Rozpoczęto od demontażu 6.2-litrowego silnika V8 – przebudowano go na 6.8-litrową jednostkę z turbodoładowaniem. Na długiej liście znanych z samochodów wyścigowych ulepszeń poprawiających osiągi znalazły się: kute aluminiowe tłoki, odlewane cięgna, specjalne głowice cylindrów, wydrążone zawory, olbrzymi intercooler i oczywiście adekwatna turbosprężarka.
W efekcie 6.8 litrowy V8 osiąga 1000 koni mechanicznych przy 6800 obrotach na minutę i 1203 niutonometrach momentu obrotowego przy 4200 obrotach na minutę (ostateczne dane techniczne nie zostały jeszcze opublikowane). Dla porównania: fabryczny 6.2-litrowy silnik Camaro SS może zagwarantować „jedynie” 455 koni mechanicznych i 617 niutonometrów momentu obrotowego. Co ciekawe, zestaw turbosprężarkowy jest kompatybilny zarówno z sześciobiegową ręczną skrzynią biegów, jak i z ośmiobiegową skrzynią automatyczną.

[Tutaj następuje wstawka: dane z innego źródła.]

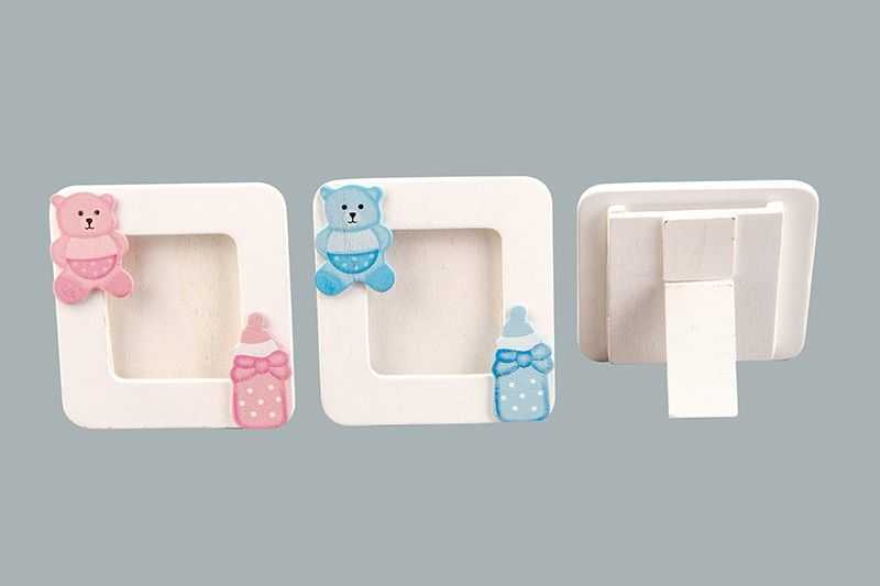Mavi renkli ayıcıklı çerçeve ürünümüz, 8cm x 8.5cm boyutlarındadır ve ahşaptan üretilmiştir.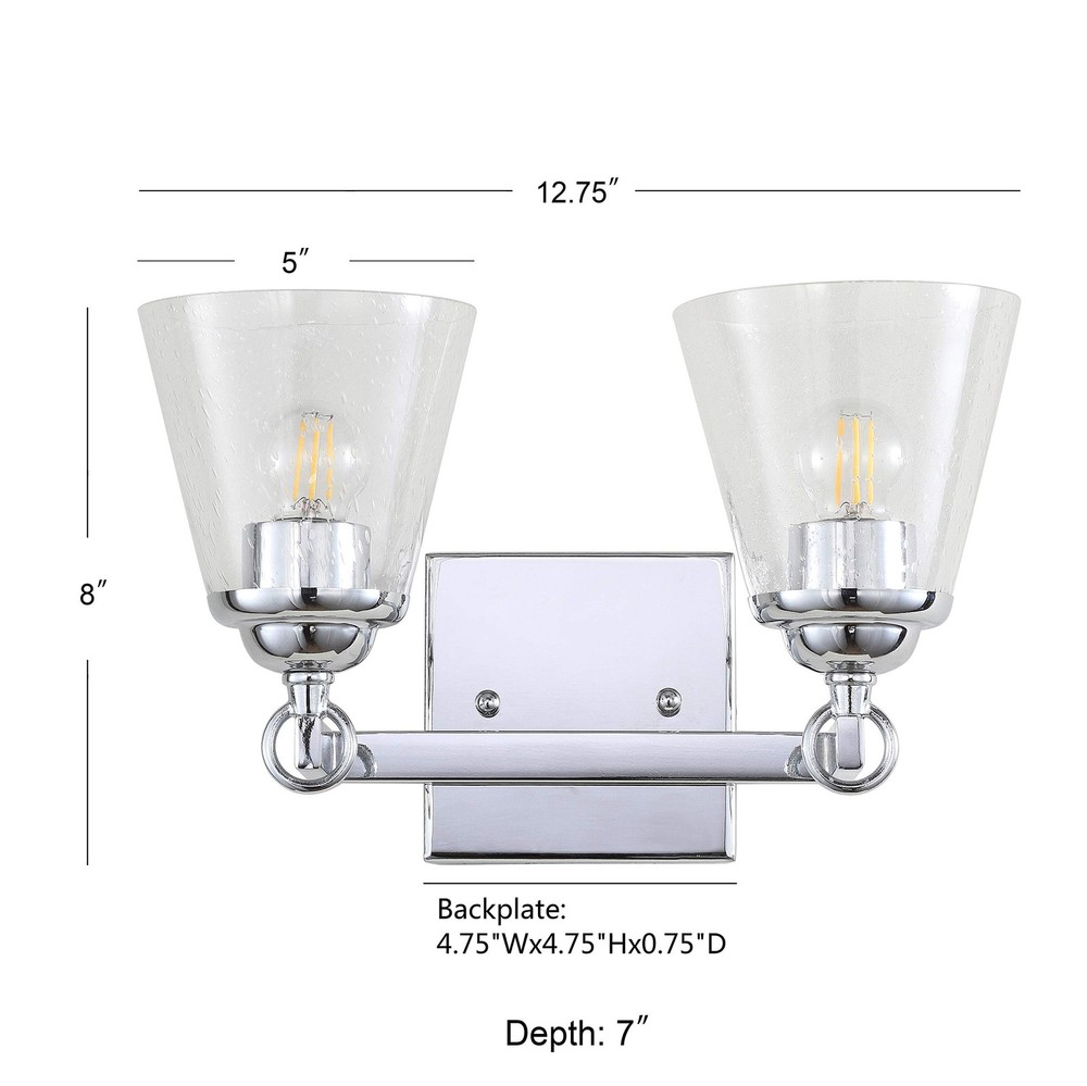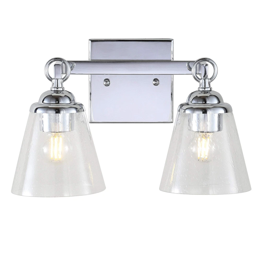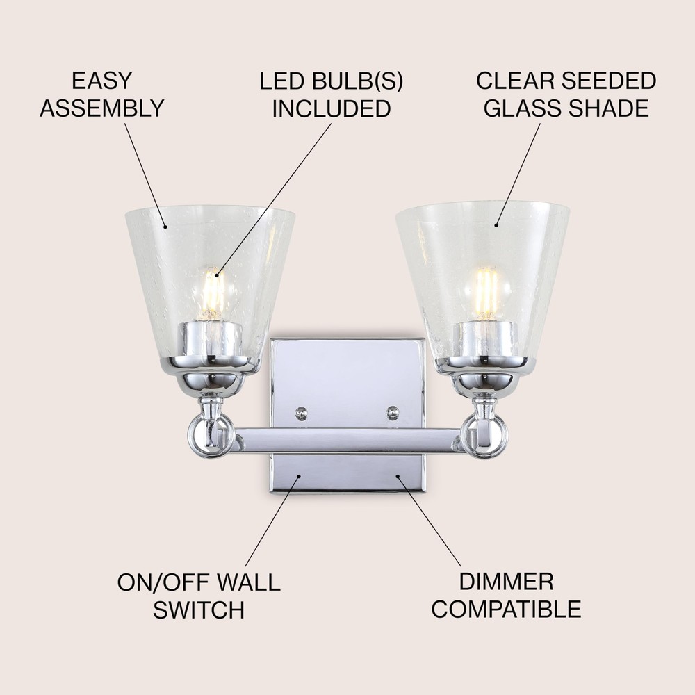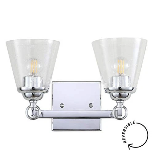 A beautiful upgrade for the vanity, this 2-light sconce delivers an elegant polished chrome frame finish. Two hurricane-style seedy glass shades offer detail and style, while allowing maximum light to illuminate your daily rituals. Also reversible, you can select to hang this light in either north-south orientation, creating versatility for any space. QUALITY CONSTRUCTION: Wall light fixtures are used as general lighting; Available in amazing variety; Replacing old, outdated wall lights is a fast and affordable way to update your home design ENERGY-SAVING LED BULBS INCLUDED: LED bulbs are included with every light fixture; All of our lighting is ETL Listed and meets 120-volt UL standards for safety and quality; Professional installation is recommended for all wall light fixtures SATISFACTION GUARANTEED: Every design is created with uncompromising attention to detail, using only the highest quality components; Based in Soho, New York, designer Jonathan and his talented team create affordable high-end home decor Featuring glass shades with tiny glass bubbles, this hurricane-style bathroom light fits any style of décor Fully reversible, you can choose to hang the sconce in either North-South orientation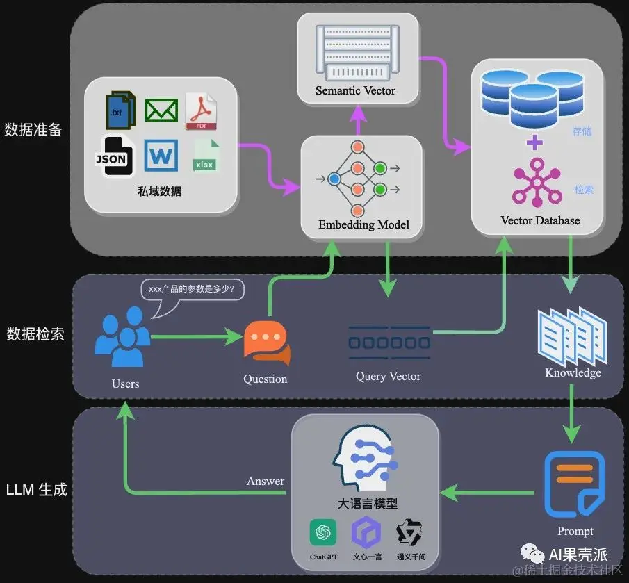 应用阶段:用户提问——>数据检索(召回)——>注入Prompt——>LLM生成答案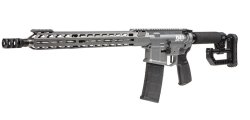 L’astina guardamano a basso profilo presenta un’interfaccia M-Lok per il montaggio di accessori e presenta nella sua parte anteriore una slitta Picatinny integrale a ore 12. Il caricatore in polimero fornito di serie con la carabina ha una capacità di 30 cartucce.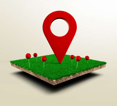 Red pushpin, navigation symbol. Red navigator pin on Square of green grass field 3d illustration

Zestaw nie oferuje co prawda spoilera, ale na pocieszenie zawiera dywaniki podłogowe opatrzone logiem Hennesseya oraz numerowaną tabliczkę na deskę rozdzielczą. Należy również wspomnieć o gwarancji na 12 tysięcy mil przebiegu.
Ulepszenie jest już na sprzedaż. Oczywiście, nie jest tanie – jak donosi Autoblog, miłośnicy prędkości, którzy chcieliby podwoić moc swojego Camaro SS, muszą liczyć się z wydatkiem rzędu 65 tysięcy dolarów. Niemniej, ci którzy nie czują się komfortowo z wydawaniem tak wielkich sum (albo z tak wysoką mocą silnika) mają również możliwość wyboru tańszych zestawów powiększających ilość koni mechanicznych do 650, 700, 750, czy 800.